[[ AVAILABLE DATA, beginning ]]

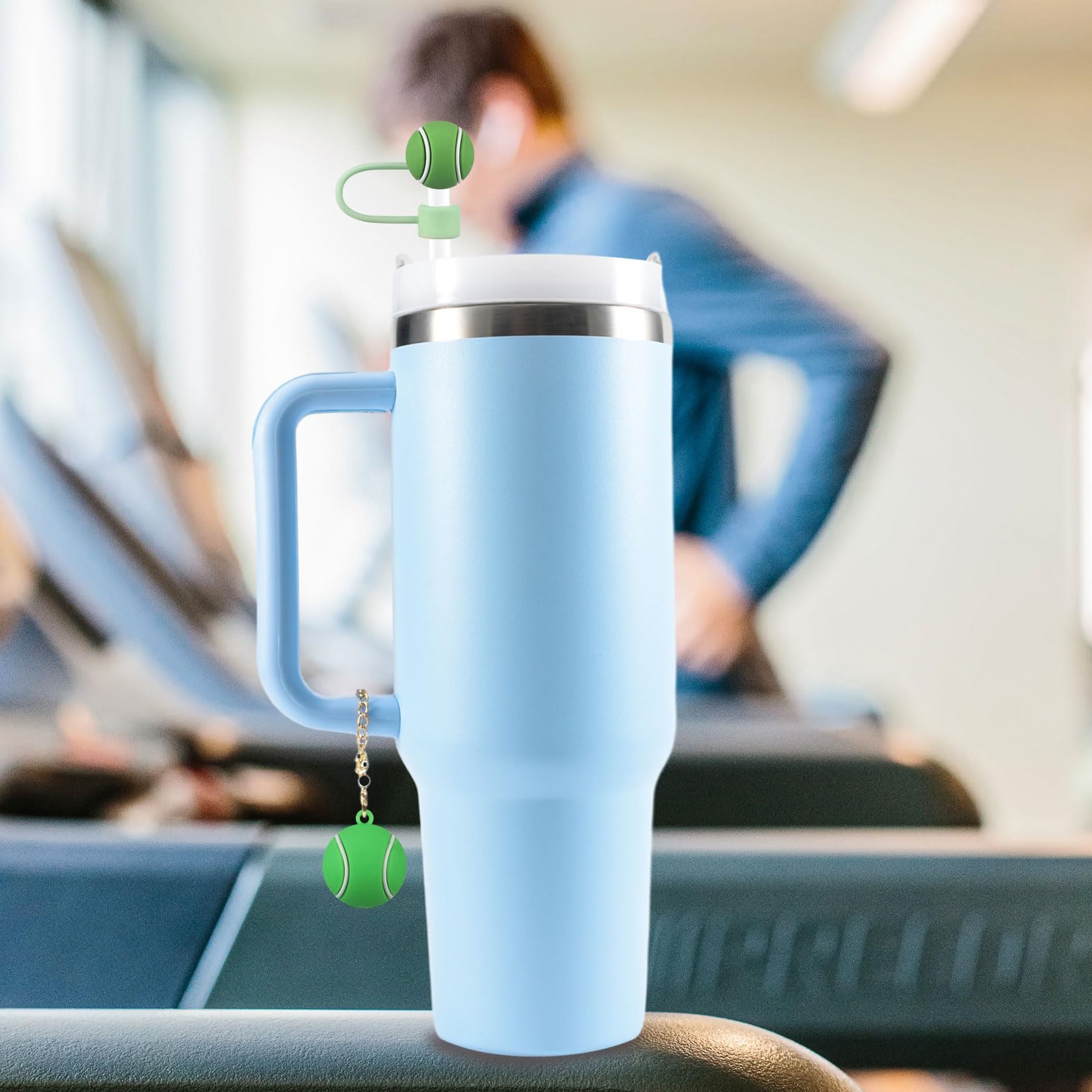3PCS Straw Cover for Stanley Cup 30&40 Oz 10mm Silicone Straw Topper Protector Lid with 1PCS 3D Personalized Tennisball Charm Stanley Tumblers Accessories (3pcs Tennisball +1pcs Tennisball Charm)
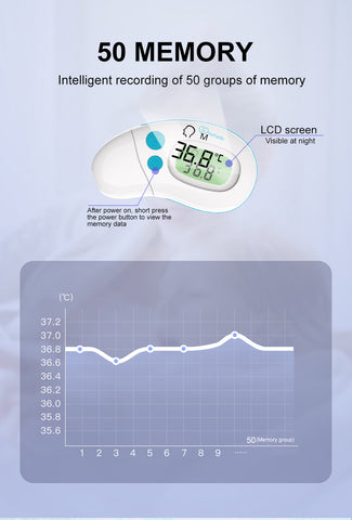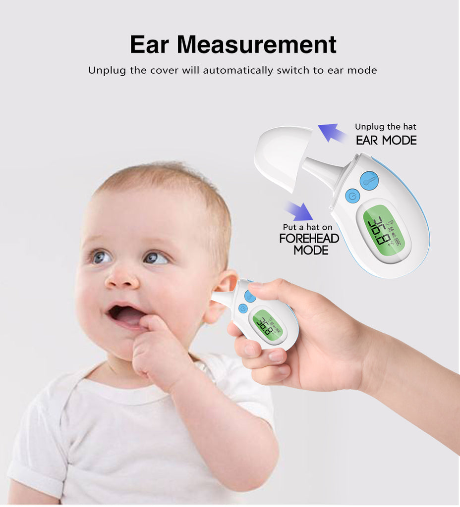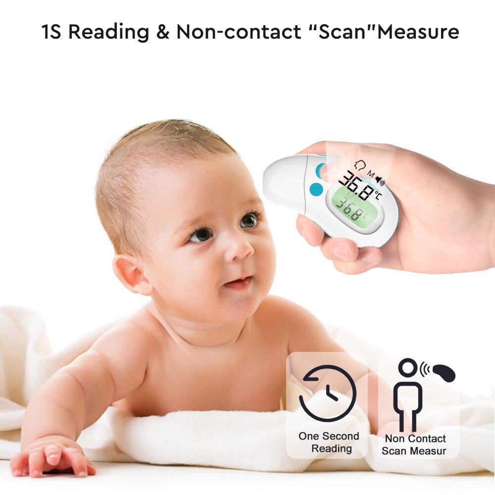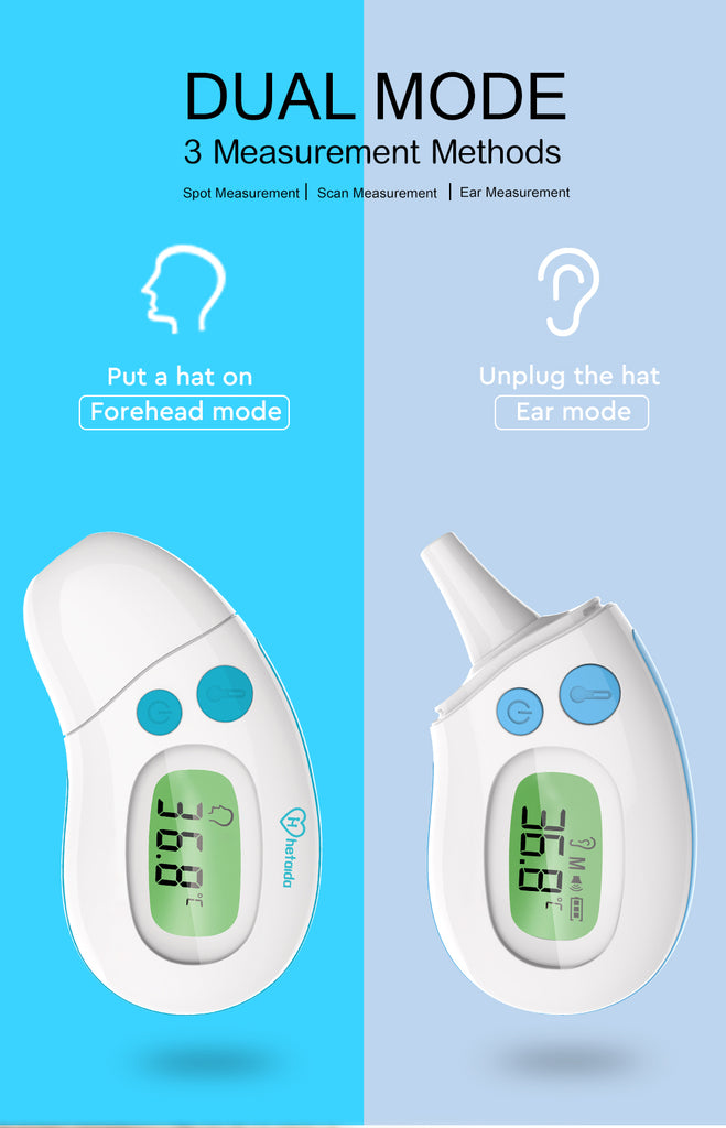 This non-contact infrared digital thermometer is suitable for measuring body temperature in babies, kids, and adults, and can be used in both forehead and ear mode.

[[ AVAILABLE DATA, end ]]
[[ AVAILABLE DATA, beginning ]]

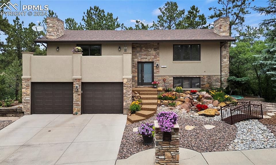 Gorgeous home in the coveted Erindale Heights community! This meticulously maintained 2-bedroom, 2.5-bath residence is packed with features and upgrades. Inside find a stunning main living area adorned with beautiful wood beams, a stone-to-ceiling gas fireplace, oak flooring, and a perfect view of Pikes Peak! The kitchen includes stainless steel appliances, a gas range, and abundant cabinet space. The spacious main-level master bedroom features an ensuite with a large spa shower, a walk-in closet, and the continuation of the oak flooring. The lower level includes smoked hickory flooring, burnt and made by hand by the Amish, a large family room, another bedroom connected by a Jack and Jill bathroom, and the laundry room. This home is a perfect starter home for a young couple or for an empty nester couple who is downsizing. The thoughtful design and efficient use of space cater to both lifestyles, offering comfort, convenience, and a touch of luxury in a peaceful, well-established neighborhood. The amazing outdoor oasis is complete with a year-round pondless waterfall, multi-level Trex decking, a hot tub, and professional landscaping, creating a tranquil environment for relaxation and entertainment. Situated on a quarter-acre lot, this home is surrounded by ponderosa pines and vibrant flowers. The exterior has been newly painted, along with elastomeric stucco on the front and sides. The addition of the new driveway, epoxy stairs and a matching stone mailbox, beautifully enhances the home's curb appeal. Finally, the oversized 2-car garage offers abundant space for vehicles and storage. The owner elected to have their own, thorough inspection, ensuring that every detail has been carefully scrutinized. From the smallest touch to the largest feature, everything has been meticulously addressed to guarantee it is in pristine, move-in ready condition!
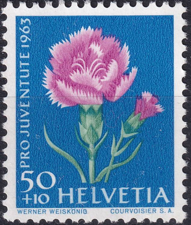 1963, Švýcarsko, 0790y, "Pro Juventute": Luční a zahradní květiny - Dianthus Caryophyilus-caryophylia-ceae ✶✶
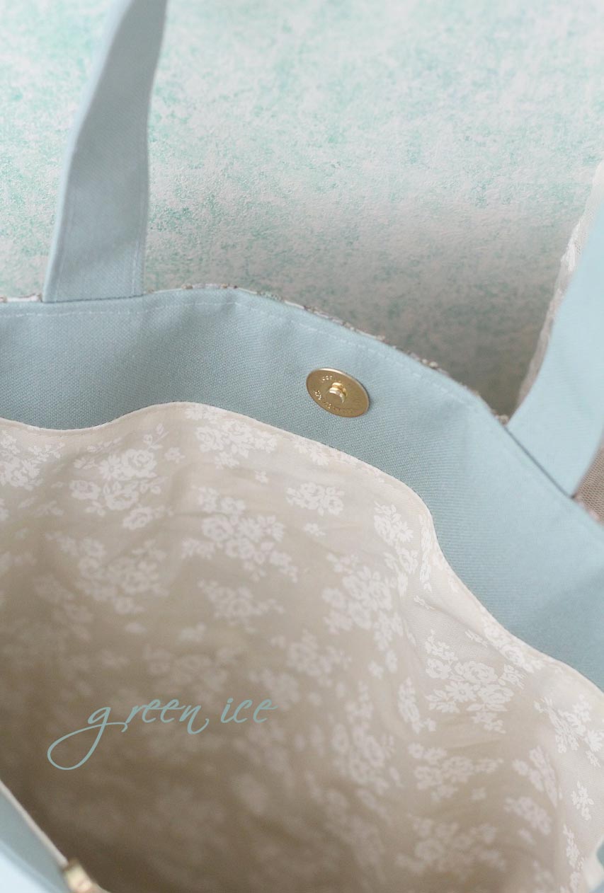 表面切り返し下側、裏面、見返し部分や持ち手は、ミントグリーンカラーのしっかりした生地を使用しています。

[[ AVAILABLE DATA, end ]]
[[ AVAILABLE DATA, beginning ]]

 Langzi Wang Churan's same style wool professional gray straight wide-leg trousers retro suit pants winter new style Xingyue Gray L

[[ AVAILABLE DATA, end ]]

TO DO: Exactly the lines above, from the one containing "3PCS Straw Cover" down to the one containing "This non-contact infrared", are to be repeated, including both ends. Pictures are not part of the copy.

YOUR SOLUTION:
3PCS Straw Cover for Stanley Cup 30&40 Oz 10mm Silicone Straw Topper Protector Lid with 1PCS 3D Personalized Tennisball Charm Stanley Tumblers Accessories (3pcs Tennisball +1pcs Tennisball Charm)
 This non-contact infrared digital thermometer is suitable for measuring body temperature in babies, kids, and adults, and can be used in both forehead and ear mode.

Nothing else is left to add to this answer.